What you should do:
Only the lines below from the one containing "Tiroirs: équipés d'une" through the one containing "on lower leg" belong in the answer, set down exactly, with the pictures left out.

Supplied material:
━━━━
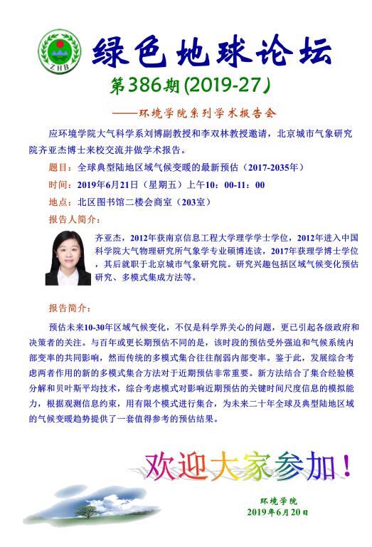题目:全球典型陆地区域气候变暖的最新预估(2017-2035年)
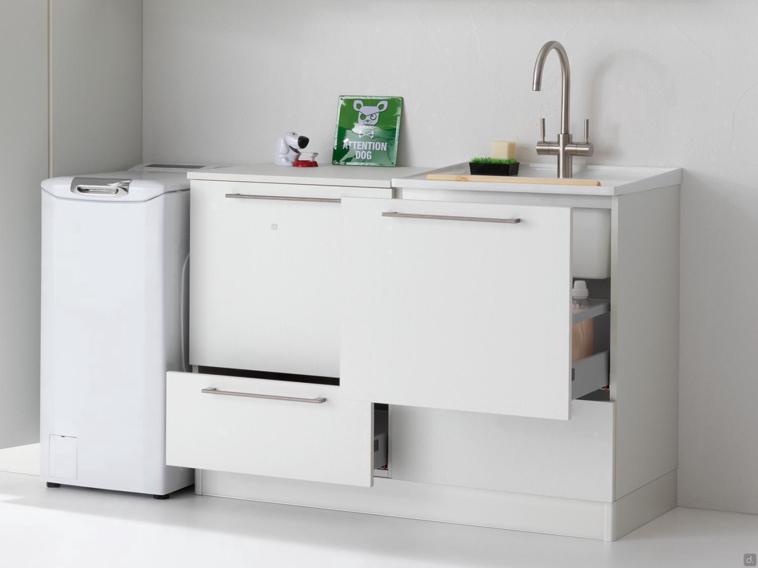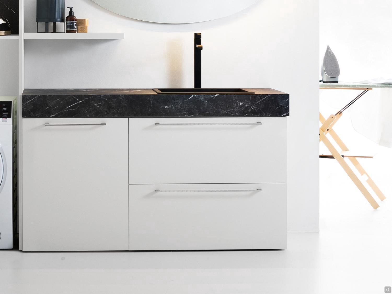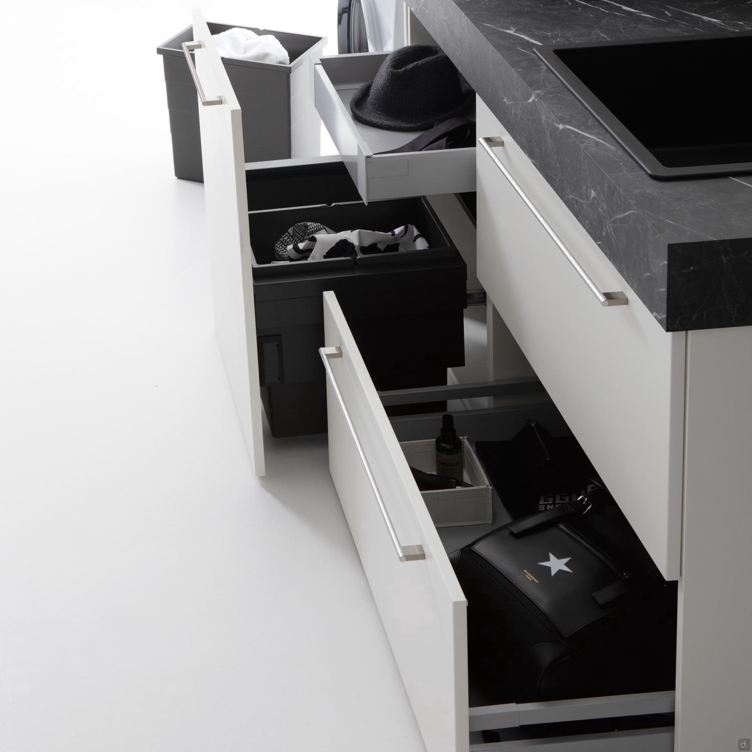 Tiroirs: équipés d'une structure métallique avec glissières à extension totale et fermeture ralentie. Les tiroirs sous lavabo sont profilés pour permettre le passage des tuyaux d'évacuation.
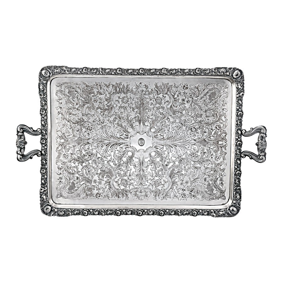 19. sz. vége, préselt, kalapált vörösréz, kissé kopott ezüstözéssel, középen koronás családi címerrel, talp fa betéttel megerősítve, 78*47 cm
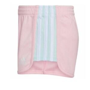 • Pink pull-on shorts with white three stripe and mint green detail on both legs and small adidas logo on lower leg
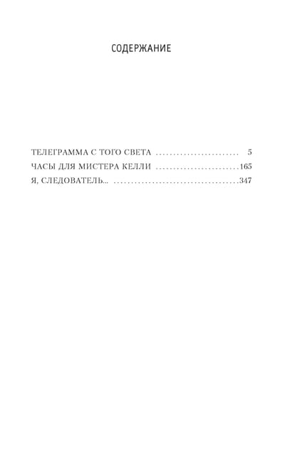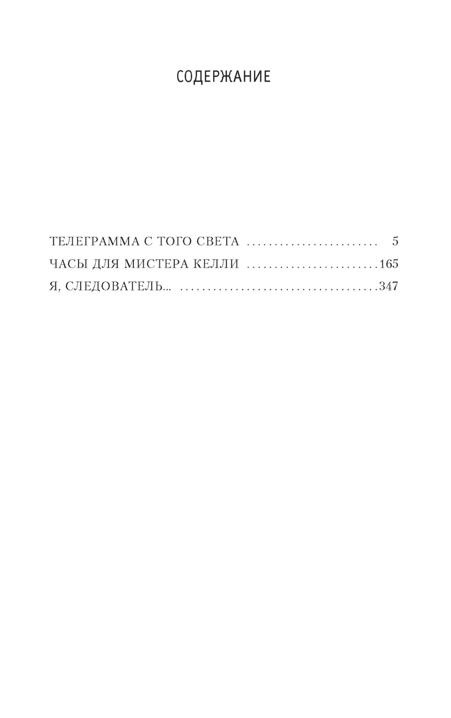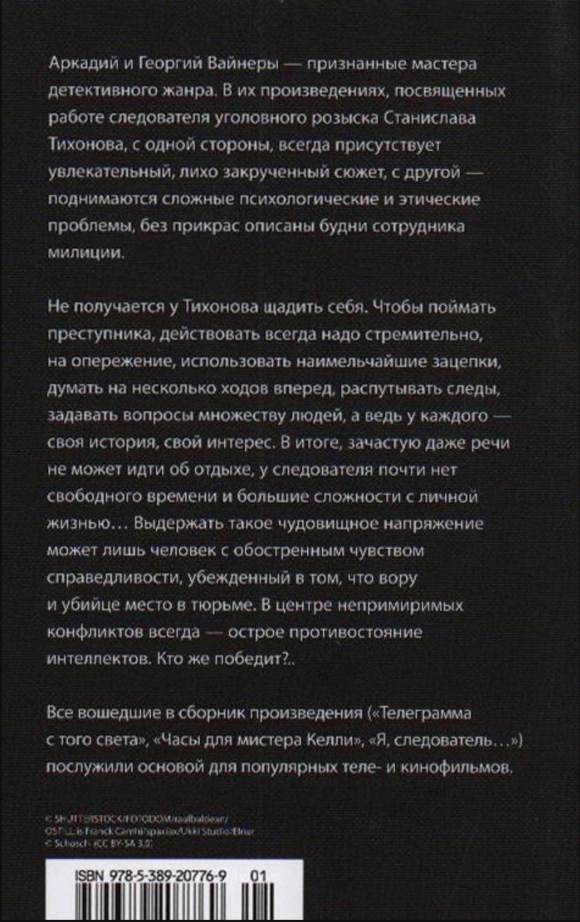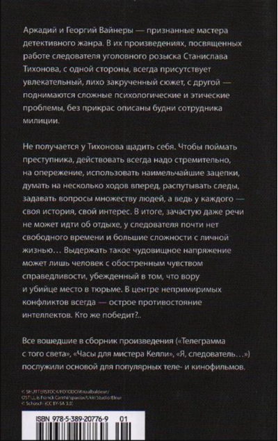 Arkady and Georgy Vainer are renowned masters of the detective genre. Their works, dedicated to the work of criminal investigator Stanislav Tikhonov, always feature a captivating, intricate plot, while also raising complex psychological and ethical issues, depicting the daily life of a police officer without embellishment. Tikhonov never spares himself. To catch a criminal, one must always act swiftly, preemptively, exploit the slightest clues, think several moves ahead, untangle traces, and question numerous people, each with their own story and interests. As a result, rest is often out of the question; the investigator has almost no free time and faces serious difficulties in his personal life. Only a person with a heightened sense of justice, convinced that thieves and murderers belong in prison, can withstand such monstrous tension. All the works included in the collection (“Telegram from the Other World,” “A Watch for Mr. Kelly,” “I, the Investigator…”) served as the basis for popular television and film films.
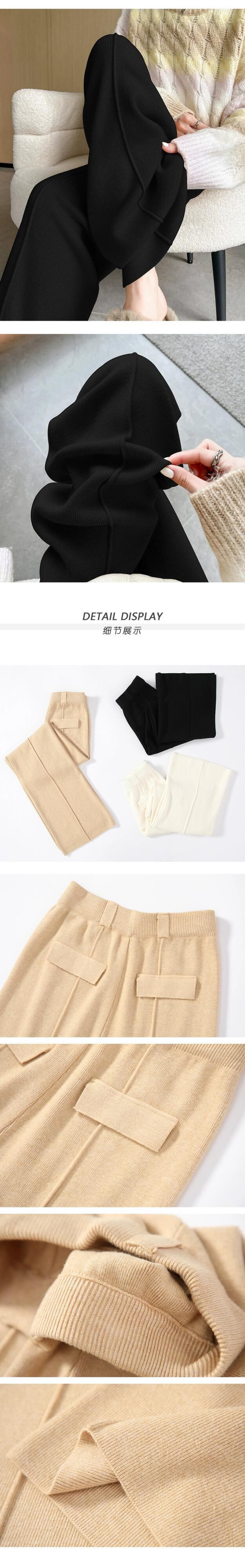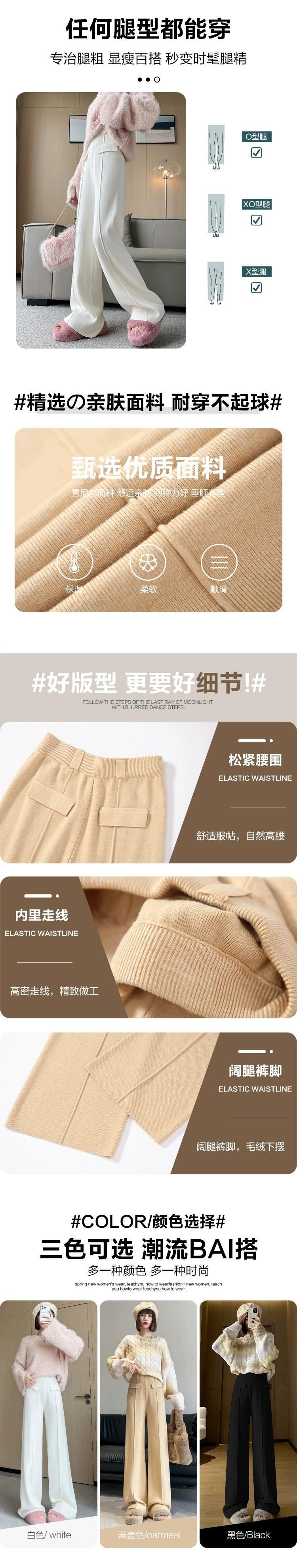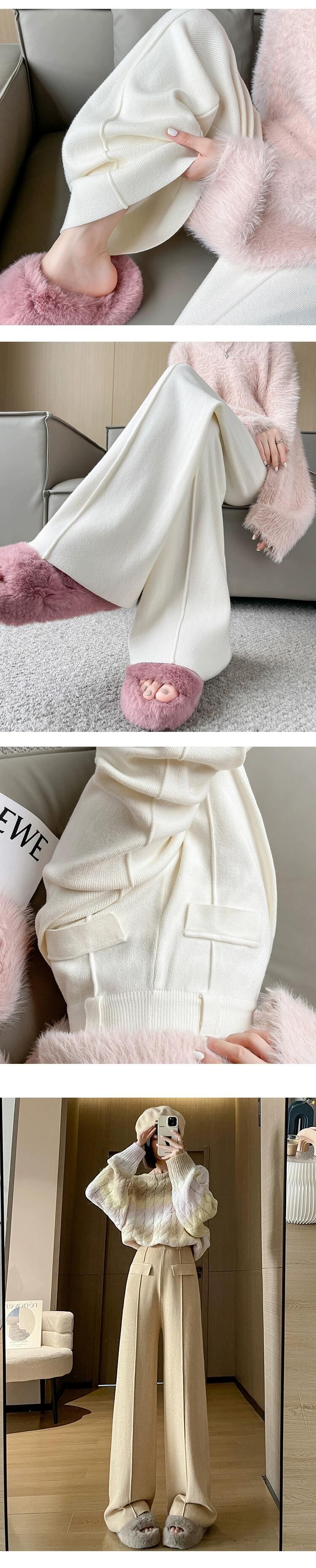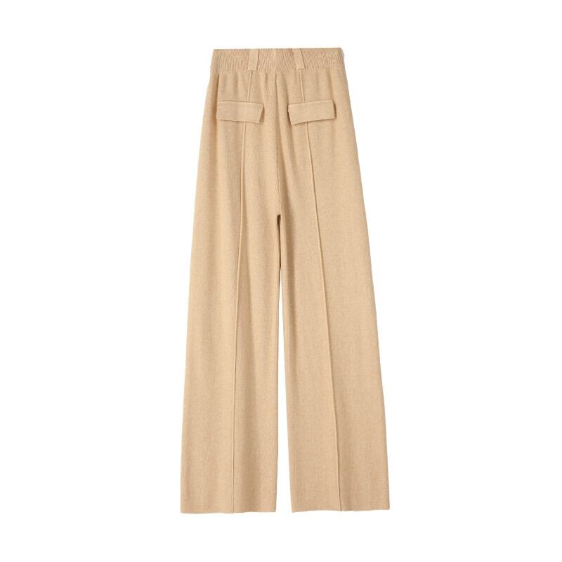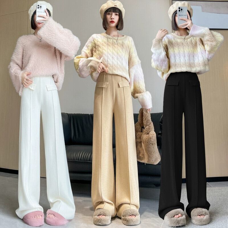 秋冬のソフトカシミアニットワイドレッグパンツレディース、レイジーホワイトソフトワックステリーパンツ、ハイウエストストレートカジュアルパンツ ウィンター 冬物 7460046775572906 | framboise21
━━━━
Expected answer:
 Tiroirs: équipés d'une structure métallique avec glissières à extension totale et fermeture ralentie. Les tiroirs sous lavabo sont profilés pour permettre le passage des tuyaux d'évacuation.
 19. sz. vége, préselt, kalapált vörösréz, kissé kopott ezüstözéssel, középen koronás családi címerrel, talp fa betéttel megerősítve, 78*47 cm
 • Pink pull-on shorts with white three stripe and mint green detail on both legs and small adidas logo on lower leg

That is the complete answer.